## WORK INSTRUCTIONS:
I would like the lines below, from the one with "- Package Included: 4" through the one with "Enable Advanced Paste and Paste with AI", copied exactly and without any pictures.

## RECORDS FOR THE EXERCISE:
┌────────
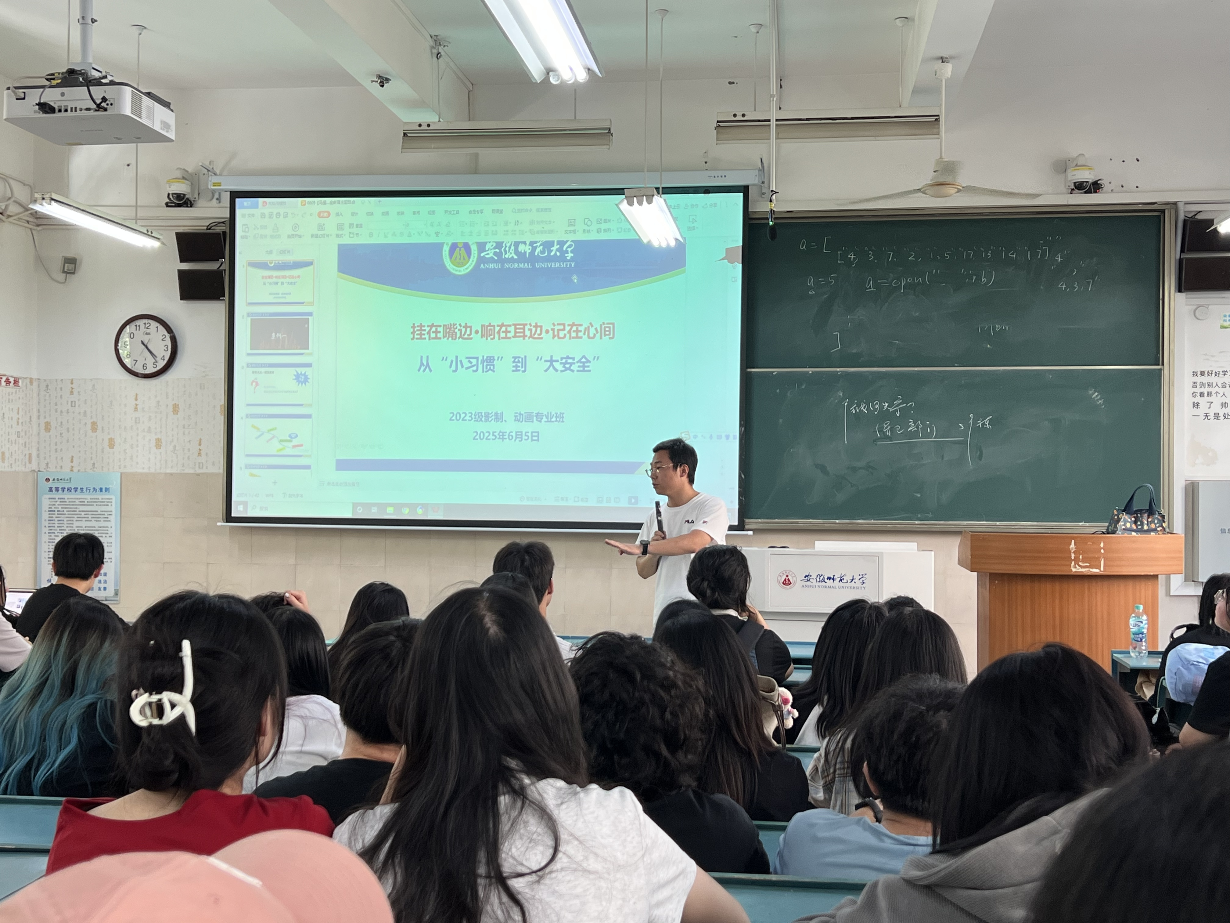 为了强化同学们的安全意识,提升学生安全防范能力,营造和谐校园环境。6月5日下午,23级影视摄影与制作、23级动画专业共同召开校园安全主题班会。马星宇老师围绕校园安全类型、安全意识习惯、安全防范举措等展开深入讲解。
└────────
┌────────
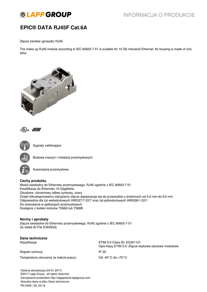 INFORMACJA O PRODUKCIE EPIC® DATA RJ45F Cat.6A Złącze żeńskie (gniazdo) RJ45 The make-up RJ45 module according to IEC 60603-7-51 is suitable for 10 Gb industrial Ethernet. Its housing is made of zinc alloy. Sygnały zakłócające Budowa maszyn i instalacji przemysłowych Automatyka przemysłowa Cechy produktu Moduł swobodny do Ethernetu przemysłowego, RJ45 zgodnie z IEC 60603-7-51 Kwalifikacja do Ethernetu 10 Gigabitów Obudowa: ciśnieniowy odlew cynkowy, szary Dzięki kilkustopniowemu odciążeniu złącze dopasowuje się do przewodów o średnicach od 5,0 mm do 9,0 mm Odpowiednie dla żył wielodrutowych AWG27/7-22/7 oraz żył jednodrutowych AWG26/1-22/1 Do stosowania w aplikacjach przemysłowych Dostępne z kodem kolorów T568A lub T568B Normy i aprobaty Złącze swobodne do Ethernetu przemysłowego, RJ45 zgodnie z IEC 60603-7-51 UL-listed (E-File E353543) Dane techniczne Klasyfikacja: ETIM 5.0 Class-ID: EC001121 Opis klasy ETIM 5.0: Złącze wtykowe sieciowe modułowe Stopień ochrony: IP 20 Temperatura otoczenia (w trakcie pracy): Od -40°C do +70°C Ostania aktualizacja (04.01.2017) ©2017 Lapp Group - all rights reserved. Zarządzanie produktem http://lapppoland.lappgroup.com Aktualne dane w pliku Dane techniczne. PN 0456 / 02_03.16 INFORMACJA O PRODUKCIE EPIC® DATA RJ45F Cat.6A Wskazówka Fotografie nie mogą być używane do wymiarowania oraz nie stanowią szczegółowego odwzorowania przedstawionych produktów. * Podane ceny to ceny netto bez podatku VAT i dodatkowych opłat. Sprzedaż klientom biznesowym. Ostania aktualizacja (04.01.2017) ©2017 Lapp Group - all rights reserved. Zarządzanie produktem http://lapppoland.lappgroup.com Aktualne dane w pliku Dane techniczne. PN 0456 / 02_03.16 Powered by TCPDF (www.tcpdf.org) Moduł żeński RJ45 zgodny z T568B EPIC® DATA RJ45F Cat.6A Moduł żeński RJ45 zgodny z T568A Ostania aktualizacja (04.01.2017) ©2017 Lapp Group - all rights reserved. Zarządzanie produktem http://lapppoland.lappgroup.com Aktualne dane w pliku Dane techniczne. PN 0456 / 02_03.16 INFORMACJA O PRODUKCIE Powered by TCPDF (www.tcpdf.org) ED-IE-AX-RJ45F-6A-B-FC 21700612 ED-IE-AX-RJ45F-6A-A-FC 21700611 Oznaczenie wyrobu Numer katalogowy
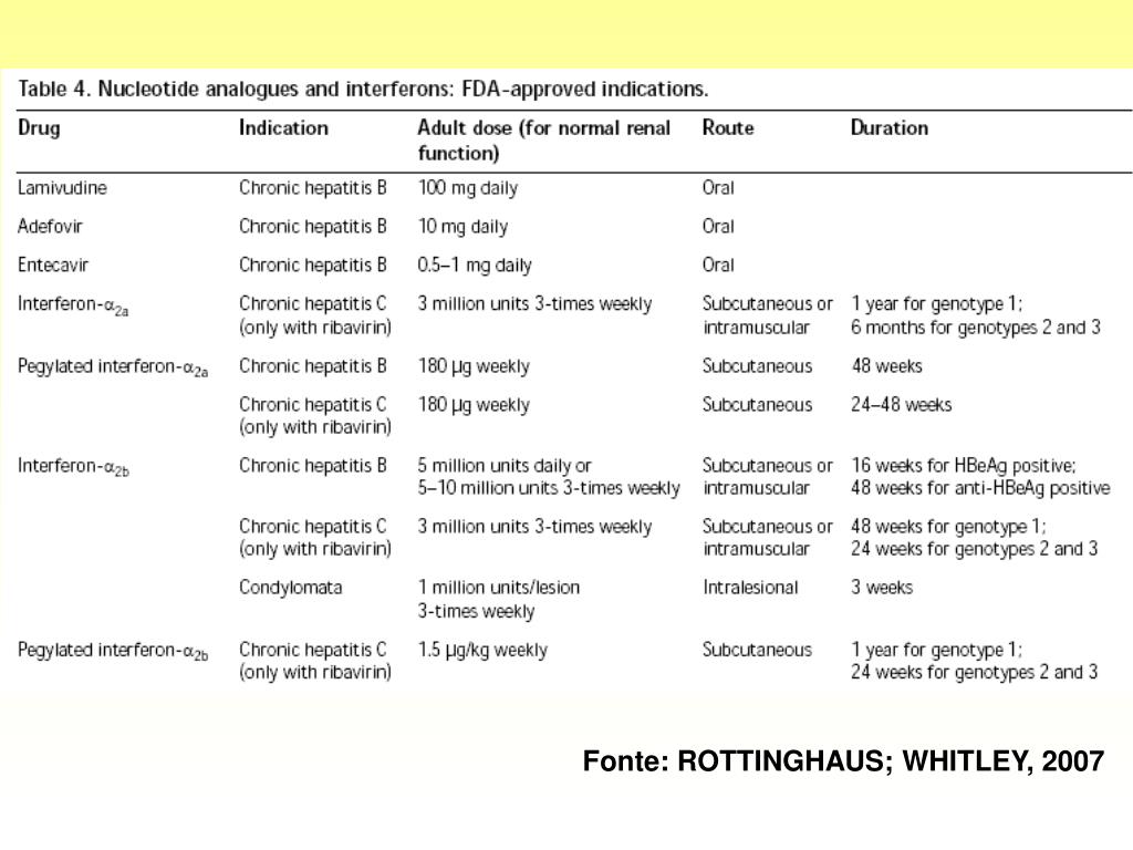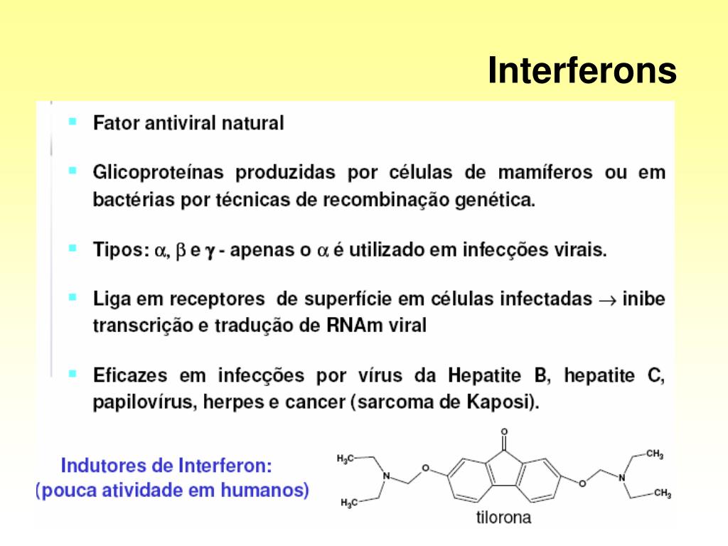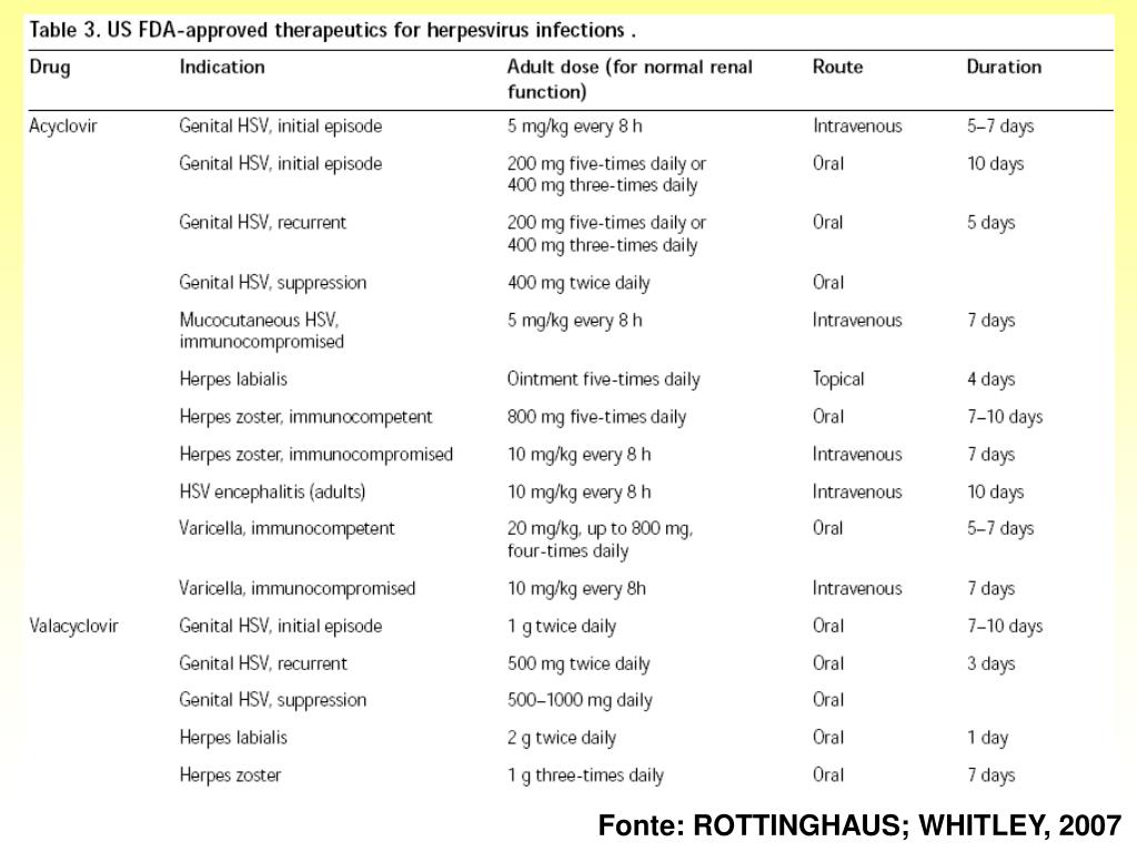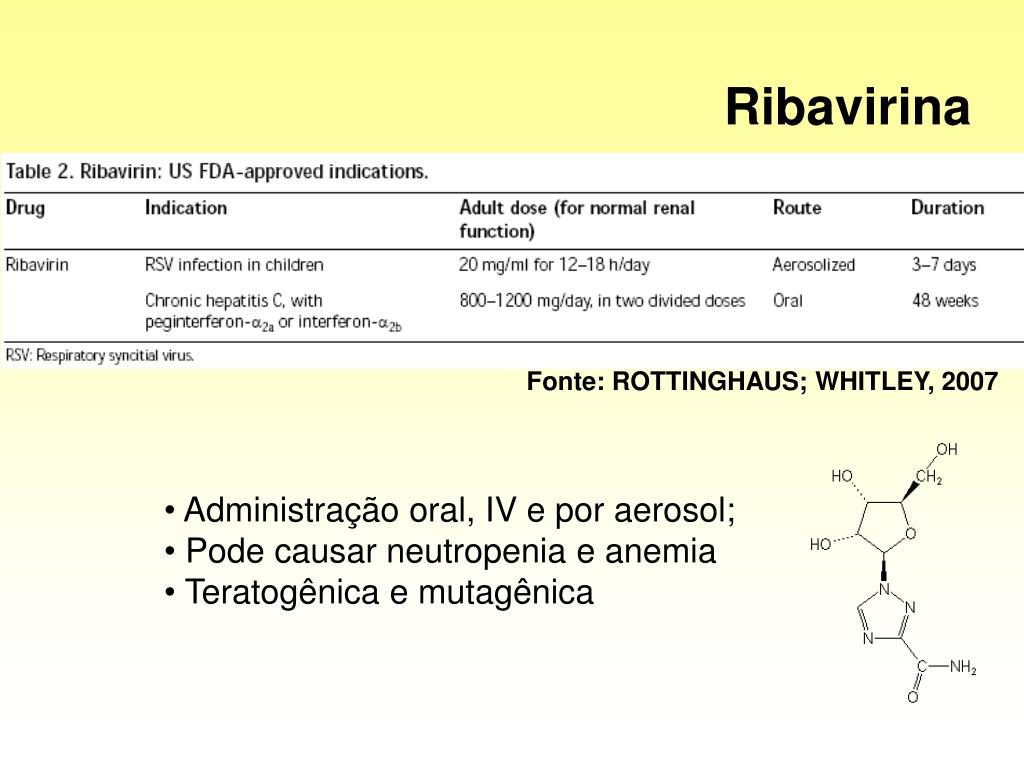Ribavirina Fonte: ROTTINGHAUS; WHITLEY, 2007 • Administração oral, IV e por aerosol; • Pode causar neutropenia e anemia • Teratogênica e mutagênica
└────────
┌────────
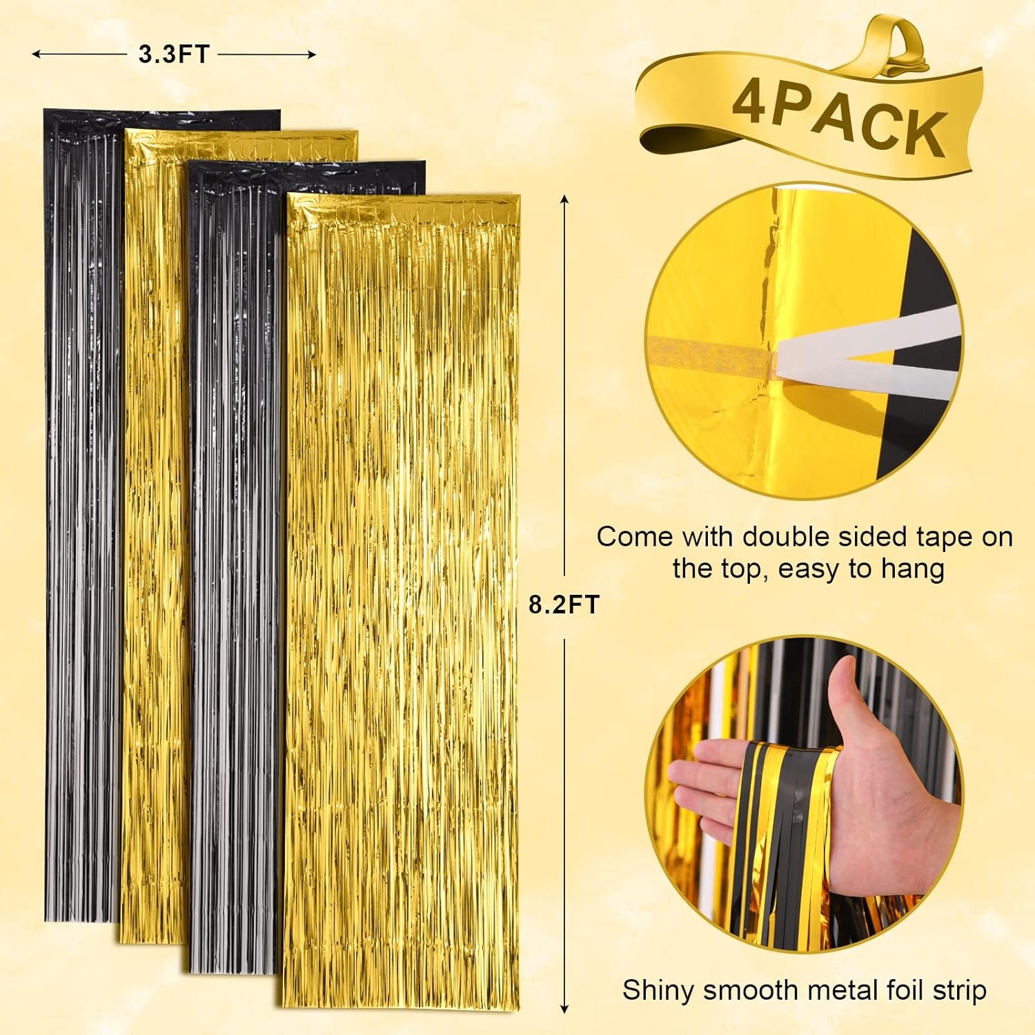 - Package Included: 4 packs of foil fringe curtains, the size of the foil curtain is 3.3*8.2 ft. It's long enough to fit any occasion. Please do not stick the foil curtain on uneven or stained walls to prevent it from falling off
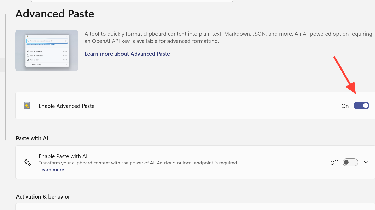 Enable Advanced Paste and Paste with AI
└────────
## ANSWER TO THE EXERCISE:
 - Package Included: 4 packs of foil fringe curtains, the size of the foil curtain is 3.3*8.2 ft. It's long enough to fit any occasion. Please do not stick the foil curtain on uneven or stained walls to prevent it from falling off
 Enable Advanced Paste and Paste with AI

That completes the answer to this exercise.